I get completely random songs stuck in my head all the time. Yesterday, my subconscious decided to serenade me –ad nauseum– with this gem from Girls’ Camp:
I know a Mormon boy, he is my pride and joy,
He knows most everything from Alma on down (woo!)
Someday I’ll be his wife! We’ll have eternal life!
Oh how I love that Mormon boy!
M – O – R – E – M – E – N
More men! More men! Sing it again!
We are the Mormon girls, we wear our hair in curls,
We love to sing and dance and have lots of fun (woo!)
We are the biggest flirts! We don’t wear mini skirts!
Oh, how I love my Mormon boy!
Overall, I haven’t loved the Church’s mandatory rhetorical shift from “Mormon” to “a member of the Church of Jesus Christ of Latter-day Saints,” especially in casual conversations. While I generally comply, I had a lot more conversations about the Church with friends and coworkers when the Church (and its culture) were okay with me doing it naturally, in conversational cadence, with familiar language. Plus, I think taking ownership of labels that have been used against you can go a long way toward healing and releasing the shame associated with them. Plus, I think the things we do as individuals and as a church emphasize our commitment to following Jesus Christ more than the frequency with which we invoke His name.

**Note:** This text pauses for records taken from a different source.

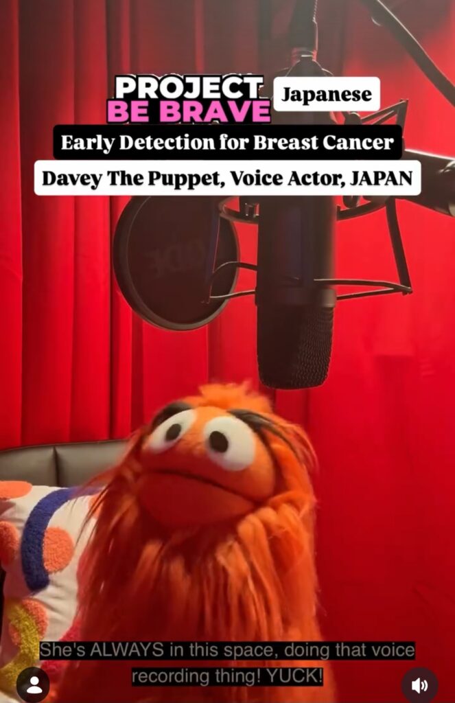 Tina reached out to voice talents across five continents, and more than 40 artists joined her cause. I was honored to provide the Japanese voice and introduce my dear friend Angela, who delivered the message in Mandarin. I also had the pleasure of dubbing the dialogue between puppeteer Cara and her character, Davey, into Japanese. By bringing their heartwarming interaction to life in my native language, we ensured this life-saving message reaches everyone, including children.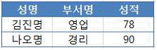 - ① 총점 계열이 보조 축으로 표시된 이중 축 차트이다.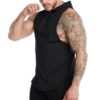 Sleeveless Mesh Sports Undershirt Men’s Hooded Fitness Quick Dry Undershirt – Black – XL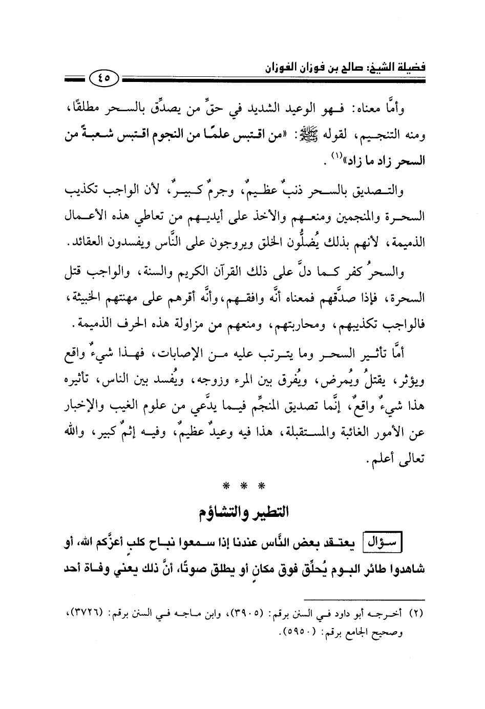 وأما معناه: فهو الوعيد الشديد في حق من يصدق بالسحر مطلقًا، ومنه التنجيم، لقوله صلى الله عليه وسلم: «من اقتبس علمًا من النجوم اقتبس شعبة من السحر زاد ما زاد» .
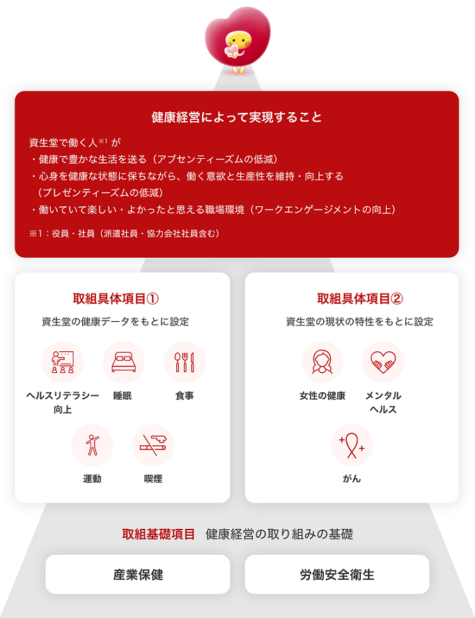 当社は、企業使命「BEAUTY INNOVATIONS FOR A BETTER WORLD(美の力でよりよい世界を)」を実現するため、それを実行する社員やその家族がみずから美しく健やかに生活することが重要だと考え、「資生堂健康宣言」を策定しています。代表執行役 社長 CEO 藤原憲太郎が健康管理責任者となり、ピープル&カルチャー本部と資生堂健康保険組合が協働して各事業所(国内資生堂グループ)をサポートし、社員の健康保持・増進活動を積極的に推進しています。また、健康管理責任者より各役員・部門長・責任者へ働きかけ、社員の自主的な健康への取り組みを支援しています。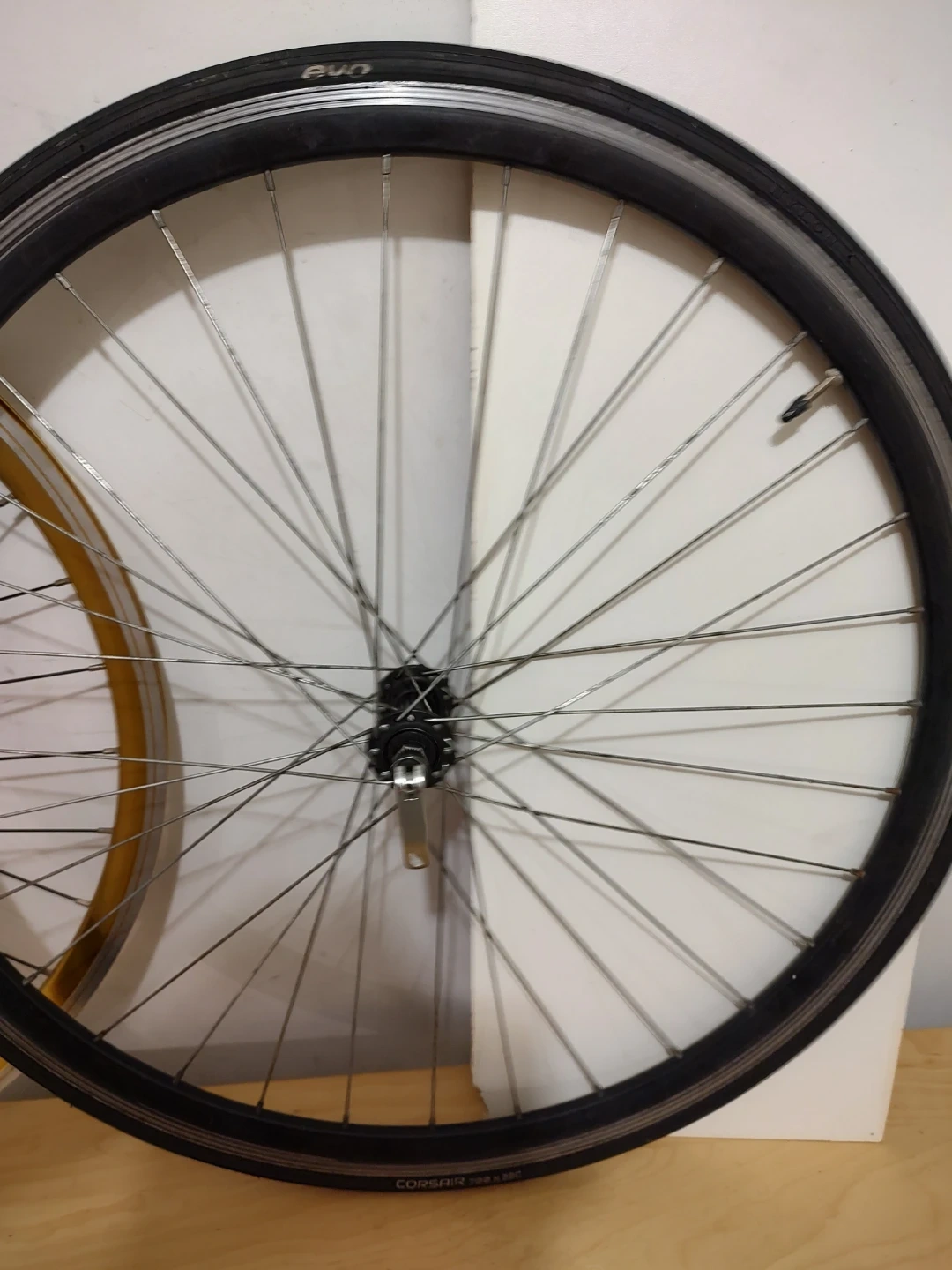 Also for sale is the complete 700C front wheel with tube, tire and black anodized, double wall, aluminum alloy, 30mm deep rear rim with sealed hub and stainless steel spokes, price - $50.

But yesterday evening gave me a different perspective. If today’s Young Women do not have this trivializing nonsense in their head 15 years from now, perhaps the shift will have been worth it.
[fn1] This wasn’t the exact songbook we used, but it was pretty close.
[fn2] There’s another song with a similar name: “I am a Mormon Boy,” published in The Friend in 1986! It paints quite a picture opposite this one. My dad also has a copy of a book called “Mormon Boy” (in Swedish and English) that my grandfather took with him on his mission in the early 1950s.
And now it’s stuck in my head too. Thanks, Laura?
;-)
Should’ve been a ;-) after my comment. It was kinda fun (but only kind of) to relive the glory days of my mid-90s girls camp adventures, musical and otherwise.
I remember learning that one at girls camp in the 90s in Missouri.
“If today’s Young Women do not have this trivializing nonsense in their head 15 years from now, perhaps the shift will have been worth it.”
They’ll come up with some other trivializing nonsense. Girls will be girls.
Haha, Tara and Leona, you’re welcome :-). Maybe my ulterior motive was that I didn’t want to suffer alone…
Jack, they’ll adapt to a society that primarily values their triviality. And the patriarchy will be the patriarchy *shrug.*
It almost sounds like you’re saying: boys will be boys and girls will be girls.
And jerks will be jerks
Jack (Written without a hint of irony): Girls are superficial and will stay that way.
Laura: Sure, okay, and men will be men and construct a society for girls to value such superficiality.
Jack: So, you really believe what I wrote?
Jack, can you see how your comments are very difficult to understand and seem to reek of sexism, misogyny, and patrimony? Is this what you’ve really intended to communicate?
As a young Mormon boy, I remember sitting in the Tabernacle as President Ezra Taft Benson addressed our stake conference. I will never forget his solo acapella rendition of “I am a Mormon Boy” during part of his talk.
Once again, Jack has managed to make BCC entirely about him. Why do we let him do that???
Cordeiro — that sounds extraordinarily memorable. Wow.
Trivial? Never.
Want another verse? (What’s that? I can’t hear you. I think you said “yes”.
This is how I learned it in YW:
“We are the Mormon girls,
We wear our hair in curls.
We wear our dungarees
Way down below our knees.
And when we want a man,
We don’t want any man.
We want the best we can,
We want a Mormon man!”
A note about “I am a Mormon Boy.” It’s true that it was published in the Friend in 1986, and the “Composition Date” shown there is 10/01/1986. But it would have taken another kind of miracle to bring Evan Stevens back to life to compose it, since he (or his body, at least) had been decomposing since his death in 1930. (Actually, it appears that the song first appeared in the Deseret Sunday School Union songbook published in 1884.)